By Wang Bozun Source:Global Times Published: 2019/10/29 13:49:28

After successful test of RX4E, industry urges support from nation's regulators

A general view of the Liaoning General Aviation Academy (LGAA) developed electric aircraft RX4E Photo: Courtesy of LGAA

A test of China's first domestic four-seat new-energy aircraft was held successfully on Monday, drawing praise from industry insiders and analysts who said that while the plane represents a breakthrough, there's a need for technological improvement and strong regulatory support.

The RX4E, a general aviation product developed by Liaoning General Aviation Academy (LGAA), made its maiden flight from the Cai Hu airport near Shenyang, Northeast China's Liaoning Province.

"It is a breakthrough in China's electric aircraft development," Wang Yanan, chief editor of Aerospace Knowledge magazine, told the Global Times. Wang said that the test represents a good start for China amid a global trend of electric aircraft development.

According to documents provided by LGAA to the Global Times, the RX4E measures 13.5 meters in length and 8.4 meters in depth, with a takeoff weight of 1,200 kilograms, a maximum power of 140 kilowatts, a cruising speed of 200 kilometers per hour, and a flying time of 90 minutes. Carbon fiber composite materials are widely used in the aircraft structure, and they account for 77 percent of the total structural weight of the plane.

The total installed capacity of the system's power battery is nearly 70 kilohertz. The plane has adopted the first cell product whose energy density exceeds 300 watt-hours per kilogram in China, which is at the leading level globally, according to the documents.

As it has the ability to take off and land on hard grass or sand, stone pavements and coastal airports, the market potential of the RX4E is huge, LGAA employees told the Global Times. They said the plane could be used for short-distance transportation, pilot training, sightseeing, experience flight, aerial photography and aerial mapping, and other fields.

"The successful maiden flight of the RX4E is a significant step for China," Ma Yuzhong, an industry watcher, told the Global Times.

But, as other countries expedite development in this field, experts and industrial insiders warned that China must speed up.
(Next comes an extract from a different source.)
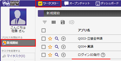 [ワークフロー]の[新規開始]にて、新しい「ログインID発行」アプリを開始することができます。 (説明)

The successful development of the RX4E has created a national brand with independent intellectual property rights, the LGAA employees said. However, as many countries are expediting the development of electric aircraft, the LGAA is urging regulators in China to speed up the release of a clearer roadmap.

According to data provided by the LGAA, as of June this year, there were more than 170 projects involving electric aircraft, and the number is expected to exceed 200 by the end of this year.

"Advanced aviation bodies, such as NASA, Boeing and AIRBUS, have put forward clear research and development plans for electric aircraft, and foreign governments are supporting and promoting them," the documents said, urging more support from the government.

Wang agreed with the LGAA's idea, saying that, despite the successful test, there are still technical problems to be solved before these aircraft enter commercial service. Regulators should provide strong support to industry players in research and development in this new sector.

Wang noted that due to a bottleneck in developing batteries, industry players worldwide are more or less at the same level, so "anyone who wants to take leading position in the industry now must make technological breakthroughs. It is a big challenge that also requires regulators' support."